[Lim et al, 1999, page 13] reports that the Congressional Voting dataset used is one of the easiest to classify, with error rates between 4% and 6%. Further, from [Lim et al, 1999, page 19] we find that most algorithms have training time less than 30 minutes, with the best being less than 3 minutes.
The fuzzy rules hand developed for this project were extremely difficult to obtain with the short amount of time and resources available for the project. This is borne out by the error rates - greater than 40% in all attempts, with the worst case being around 60% - and the training time - between 2 and 6 hours for each attempt.
Each attempt had a different set of fuzzy rules, with a different approach to solving the classification problem. Further, once the human had deemed that the rules were as desired (based on the human's satisfaction with the rules and their performance on the training set) the rules were run once on the validation set. The reasons for this requirement are discussed in Section 3.2.2.

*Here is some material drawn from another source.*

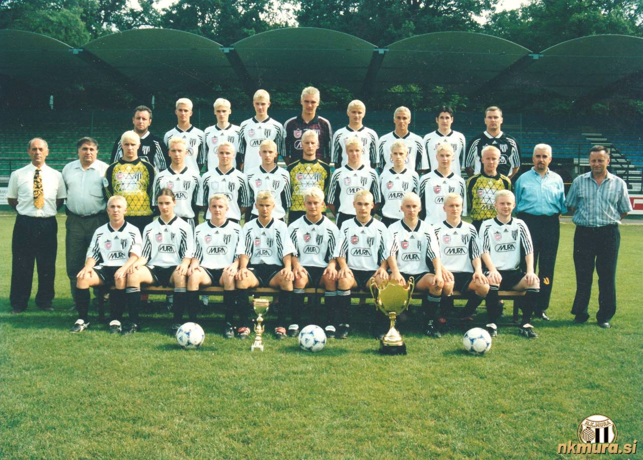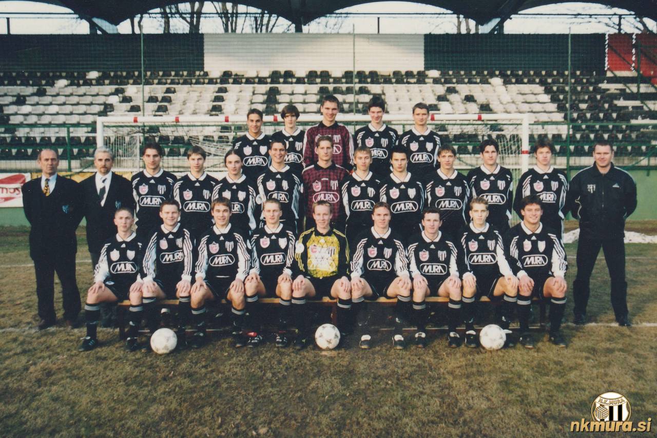 Državni mladinski prvaki in pokalni podprvaki v sezoni 1999/00. Ekipa se je v zimskem premoru dogovorila, da si pobarvajo lase v primeru osvojitve naslova prvaka. Zgornja vrsta: Marjan Matjašec (ekonom), Mihael Ivanič, Izidor Sabotin, Iztok Kerčmar, Aleš Luk, Dejan Šnurer, Mitja Mörec, Boštjan Bačič, Kristijan Benčina (kondicijski trener). Srednja vrsta: Slobodan Đurić (trener), Slavko Osterc (blagajnik), Tomaž Pleteršnik, Uroš Bezjak, Denis Žilavec, Aleš Šajt, Matjaž Vugrinec, Štefan Horvat, Daniel Faršang, Tomaž Celcar, Jožek Špilak, Dušan Faršang (tehnični vodja), Tugomir Frajman (predsednik kluba). Spodnja vrsta: Darko Tratnjek, Alan Šoštarič, Igor Preininger, Roman Gostan, Ludvik Časar, Leon Bači, Kristjan Šadl, Darjan Slavic, Simon Cotter. Avtorske pravice: nkmura.si Foto: arhiv NK Mura skozi čas
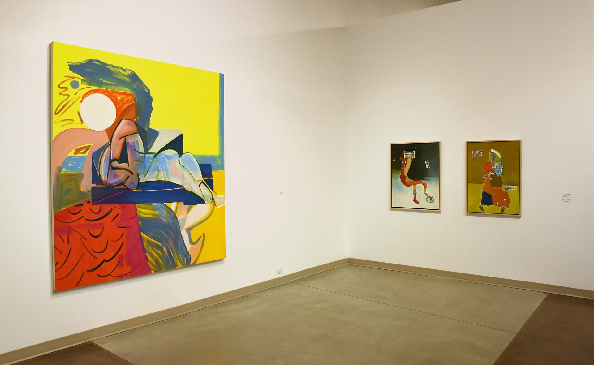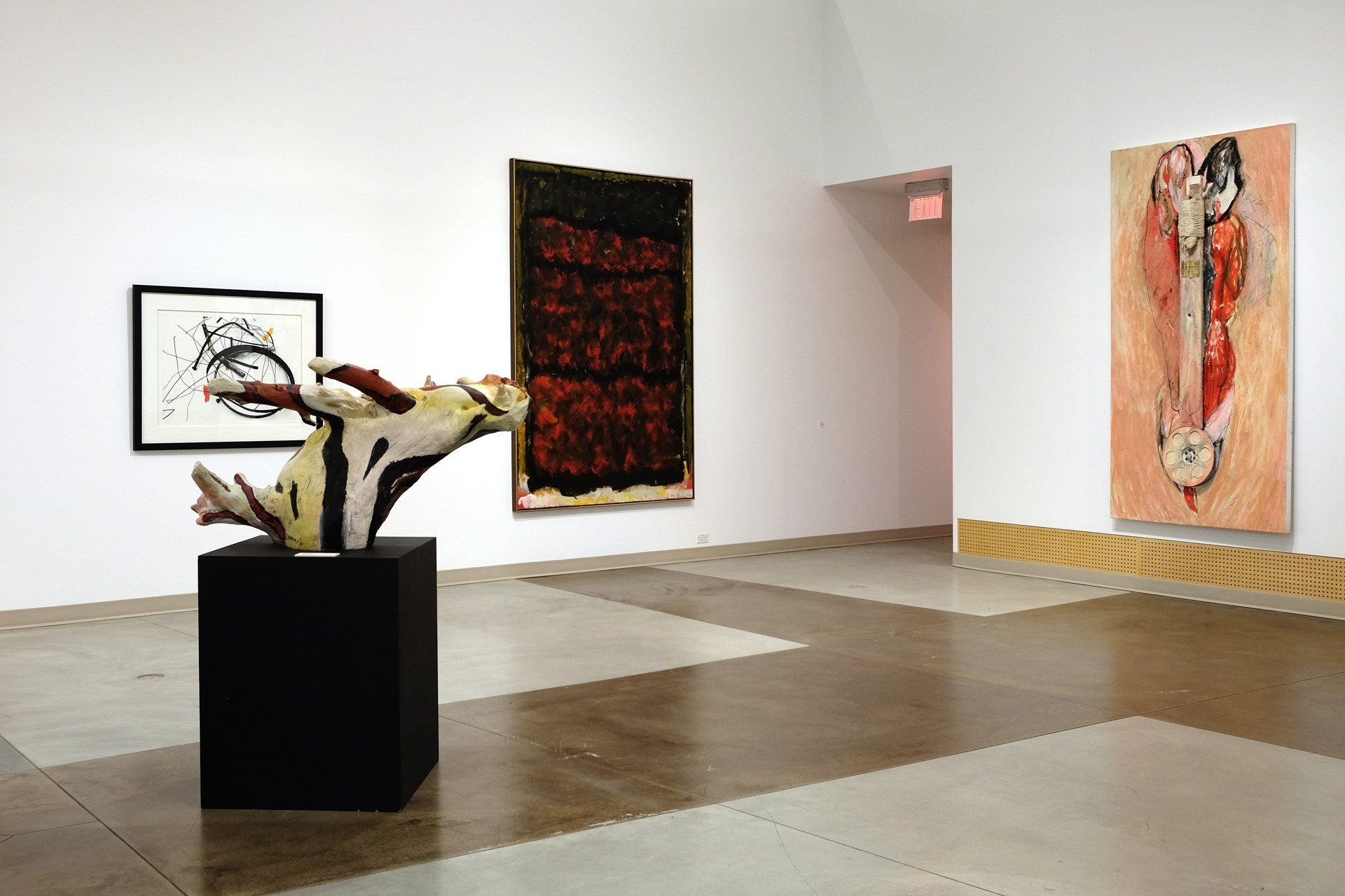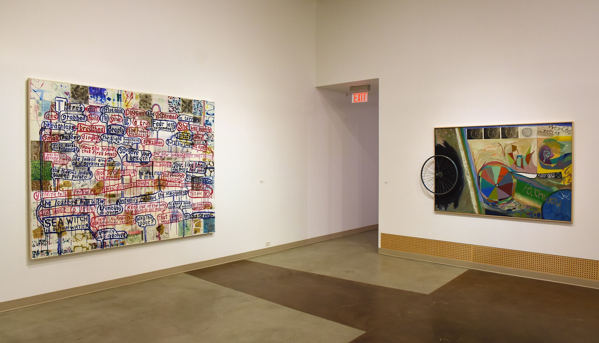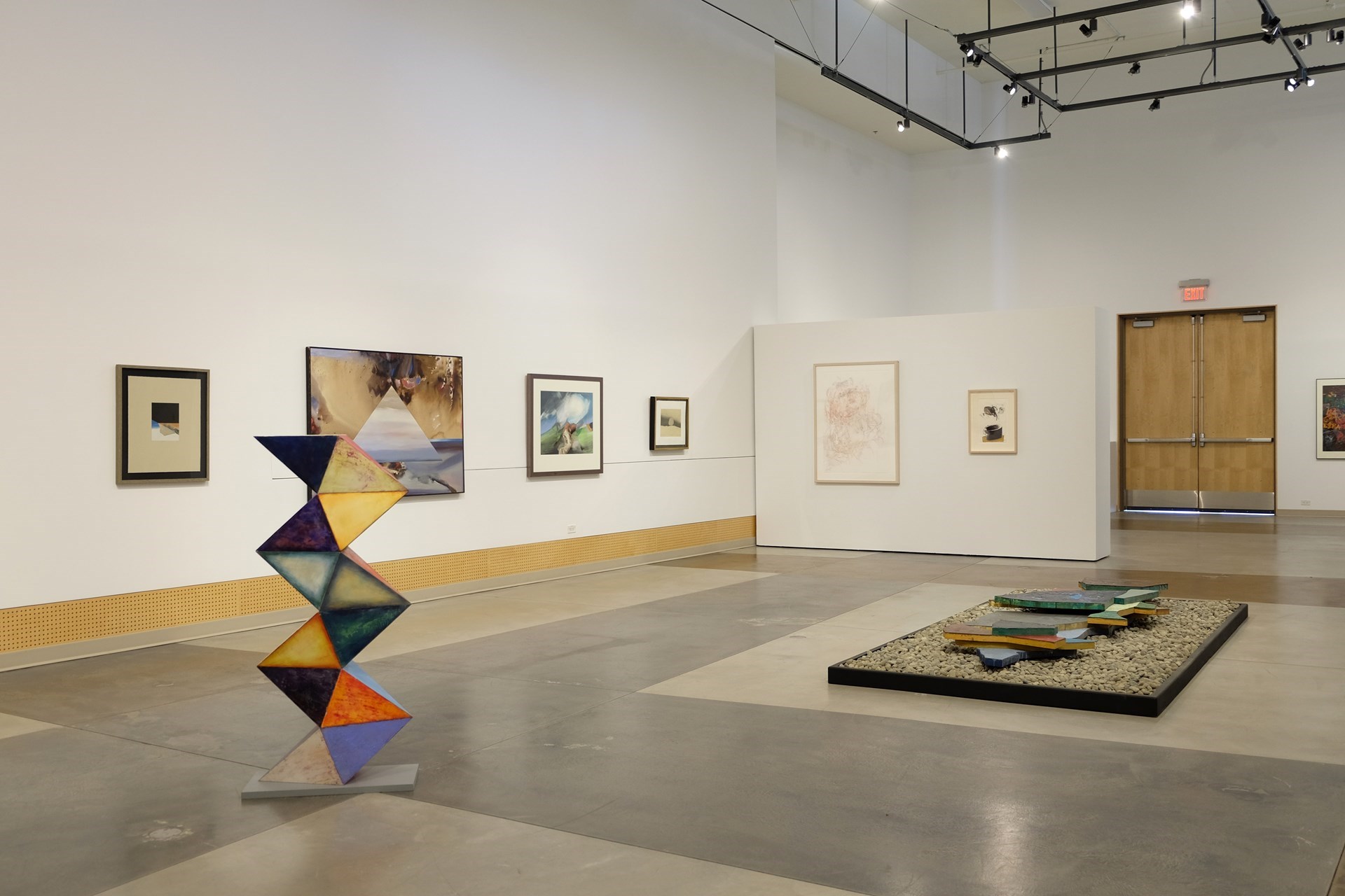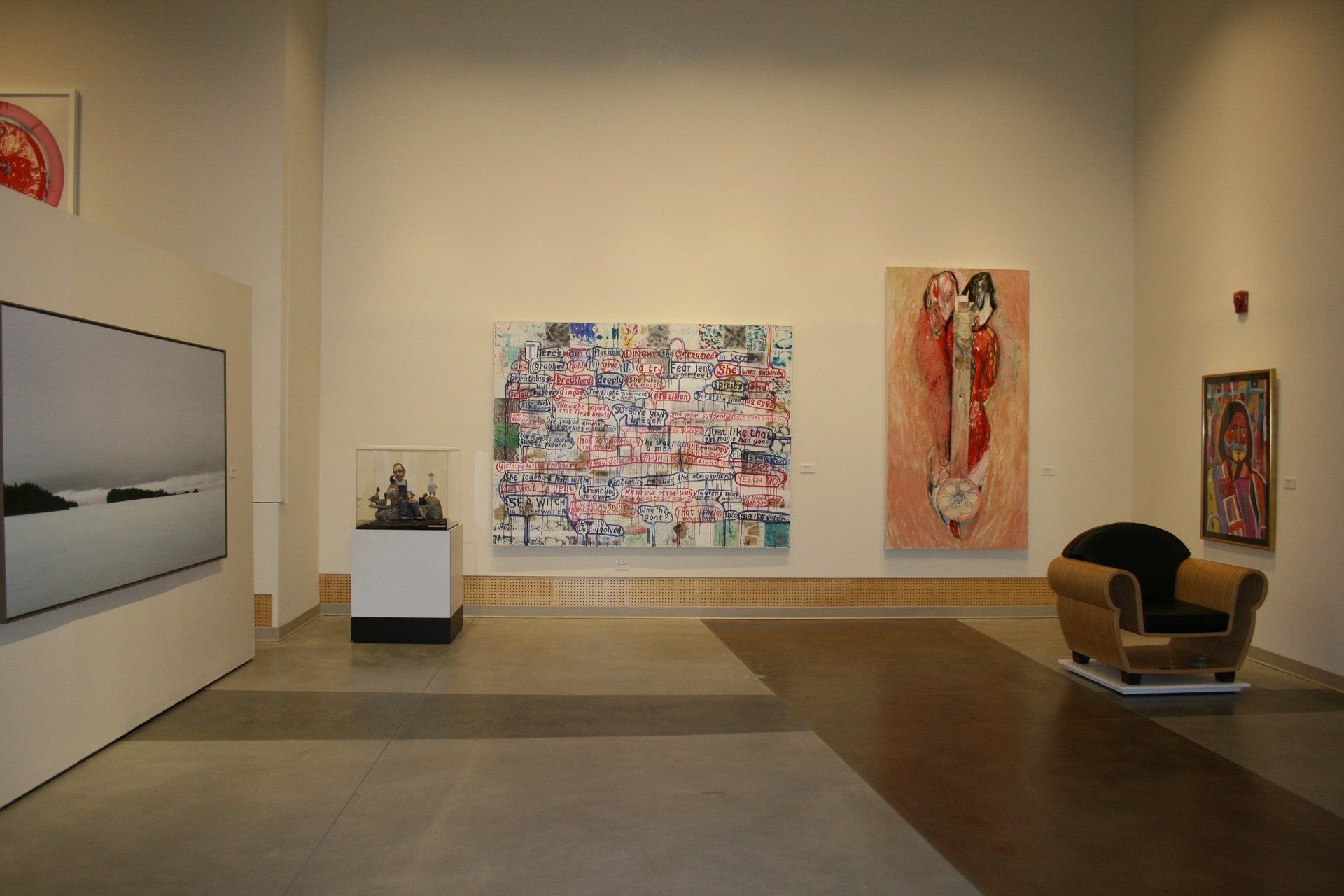 shaped cut-out paintings by M.E. Sparks, and mixed media sculptures and

The relationship was observed that the more time and effort put into analysing the data, the better the results were. In particular, the more sophisticated the visualisation techniques, and the higher the abstraction of the representation away from the raw data, the easier it was to obtain rules (and further, to obtain rules which subsequently performed slightly better). The problem was that sophisticated visualisation techniques were harder to implement and took more time than simple ones. This is discussed in detail in Section 4.2.3.
Unfortunately, the large amount of time spent on the Congressional Votes dataset meant that other datasets couldn't have rules constructed for them, as described in Section 2.1.